Mario Yagubi is an American medical doctor and restaurateur who was the president and CEO of Boxing 360, a boxing promotional group located in New York City, United States, founded in 2009.

==Boxing 360==

Yagobi's boxing outfit managed and promoted the career of a number professional fighters, primarily located in the New York City area or relocated to New York City under his guidance.

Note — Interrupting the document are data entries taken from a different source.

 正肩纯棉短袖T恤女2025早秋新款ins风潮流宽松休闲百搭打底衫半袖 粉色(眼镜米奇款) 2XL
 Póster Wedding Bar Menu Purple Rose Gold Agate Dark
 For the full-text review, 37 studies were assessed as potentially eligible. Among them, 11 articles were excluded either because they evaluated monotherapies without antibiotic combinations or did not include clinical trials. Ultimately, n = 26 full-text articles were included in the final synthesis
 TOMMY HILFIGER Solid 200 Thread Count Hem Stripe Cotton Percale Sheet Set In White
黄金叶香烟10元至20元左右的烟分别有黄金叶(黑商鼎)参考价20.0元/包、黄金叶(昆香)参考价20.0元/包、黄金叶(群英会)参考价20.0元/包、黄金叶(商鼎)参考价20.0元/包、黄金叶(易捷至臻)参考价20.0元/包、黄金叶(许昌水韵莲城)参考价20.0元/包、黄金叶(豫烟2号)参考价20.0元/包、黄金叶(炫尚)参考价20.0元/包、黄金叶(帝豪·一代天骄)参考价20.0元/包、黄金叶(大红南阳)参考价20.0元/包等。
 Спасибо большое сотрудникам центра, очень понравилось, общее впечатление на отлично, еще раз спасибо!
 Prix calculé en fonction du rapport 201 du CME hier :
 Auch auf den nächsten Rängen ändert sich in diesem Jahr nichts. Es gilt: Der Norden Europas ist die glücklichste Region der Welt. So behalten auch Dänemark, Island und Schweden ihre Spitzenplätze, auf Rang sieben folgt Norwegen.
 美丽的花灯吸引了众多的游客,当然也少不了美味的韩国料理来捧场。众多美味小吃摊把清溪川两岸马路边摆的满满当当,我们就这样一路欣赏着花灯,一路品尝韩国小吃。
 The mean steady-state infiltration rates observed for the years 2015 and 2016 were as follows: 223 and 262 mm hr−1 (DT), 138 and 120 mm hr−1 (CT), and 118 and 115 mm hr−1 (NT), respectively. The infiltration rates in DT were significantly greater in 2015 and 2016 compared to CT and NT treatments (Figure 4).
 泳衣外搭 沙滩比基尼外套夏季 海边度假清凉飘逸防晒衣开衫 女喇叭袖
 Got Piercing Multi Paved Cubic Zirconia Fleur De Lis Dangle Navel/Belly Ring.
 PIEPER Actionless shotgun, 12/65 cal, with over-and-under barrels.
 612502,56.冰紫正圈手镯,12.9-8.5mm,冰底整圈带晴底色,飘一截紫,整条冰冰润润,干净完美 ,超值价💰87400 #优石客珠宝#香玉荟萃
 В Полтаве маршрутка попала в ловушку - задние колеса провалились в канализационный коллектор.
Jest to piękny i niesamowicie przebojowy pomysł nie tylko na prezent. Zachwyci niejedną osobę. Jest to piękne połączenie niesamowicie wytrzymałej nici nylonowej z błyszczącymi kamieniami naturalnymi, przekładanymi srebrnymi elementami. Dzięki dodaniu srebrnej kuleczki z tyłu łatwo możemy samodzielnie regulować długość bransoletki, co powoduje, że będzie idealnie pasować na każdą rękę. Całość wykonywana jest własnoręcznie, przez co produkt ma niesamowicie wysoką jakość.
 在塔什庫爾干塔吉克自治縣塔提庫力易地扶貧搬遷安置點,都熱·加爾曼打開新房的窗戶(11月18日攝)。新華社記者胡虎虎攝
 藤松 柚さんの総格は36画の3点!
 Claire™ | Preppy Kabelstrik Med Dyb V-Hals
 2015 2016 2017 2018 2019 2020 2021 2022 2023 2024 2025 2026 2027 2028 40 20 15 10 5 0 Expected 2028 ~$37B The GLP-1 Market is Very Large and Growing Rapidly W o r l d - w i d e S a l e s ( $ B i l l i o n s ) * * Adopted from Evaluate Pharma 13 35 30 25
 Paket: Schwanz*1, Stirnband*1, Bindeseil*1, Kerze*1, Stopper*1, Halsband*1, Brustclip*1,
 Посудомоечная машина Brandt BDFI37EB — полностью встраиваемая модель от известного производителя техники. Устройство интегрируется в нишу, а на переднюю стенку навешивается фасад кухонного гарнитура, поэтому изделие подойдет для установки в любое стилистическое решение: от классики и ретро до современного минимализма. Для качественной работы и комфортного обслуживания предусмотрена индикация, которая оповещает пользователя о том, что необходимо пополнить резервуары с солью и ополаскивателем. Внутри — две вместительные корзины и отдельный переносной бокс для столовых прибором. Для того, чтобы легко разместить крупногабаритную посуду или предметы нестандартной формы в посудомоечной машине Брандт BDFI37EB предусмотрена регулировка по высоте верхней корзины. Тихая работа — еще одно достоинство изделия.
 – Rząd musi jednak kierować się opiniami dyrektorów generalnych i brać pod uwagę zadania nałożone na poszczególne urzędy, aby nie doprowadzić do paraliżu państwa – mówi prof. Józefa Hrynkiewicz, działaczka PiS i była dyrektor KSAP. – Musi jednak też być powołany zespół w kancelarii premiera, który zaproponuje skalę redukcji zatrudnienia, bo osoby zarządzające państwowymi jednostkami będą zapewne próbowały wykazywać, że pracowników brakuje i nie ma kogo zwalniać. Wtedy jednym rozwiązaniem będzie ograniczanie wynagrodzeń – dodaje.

On September 10, 2011, Yagobi promoted his first world champion, Amanda Serrano, to the International Boxing Federation's female version of the super featherweight world title, in the main event of a special September 11 attacks boxing tribute card held at Aviator Arena in Brooklyn. Serrano knocked down and stopped Kimberly Connor in the second round (opponent Kimberly Connor had not lost a pro bout in seven years) of the IBF inaugural female world title bout, to win Yagobi his first world champion under the Boxing 360 banner. Yagobi is the owner-operator of 1849 Restaurant, Bar and Parlor in Greenwich Village.

==NYSAC action of 2014==
Boxing 360 no longer exists. The New York State Athletic Commission discontinued Yagubi's promoter's license in 2014, and released all Boxing 360 fighters from their contracts in 2014 after complaints, freeing them to sign with other promoters.
Yagubi faced no legal action, but he abandoned his promotional career prematurely. Subsequently, one of Yagubi's forgotten unbeaten fighters, Guyana super middleweight prospect Lennox Allen, won a WBA title on USA ESPN, on February 15, 2019.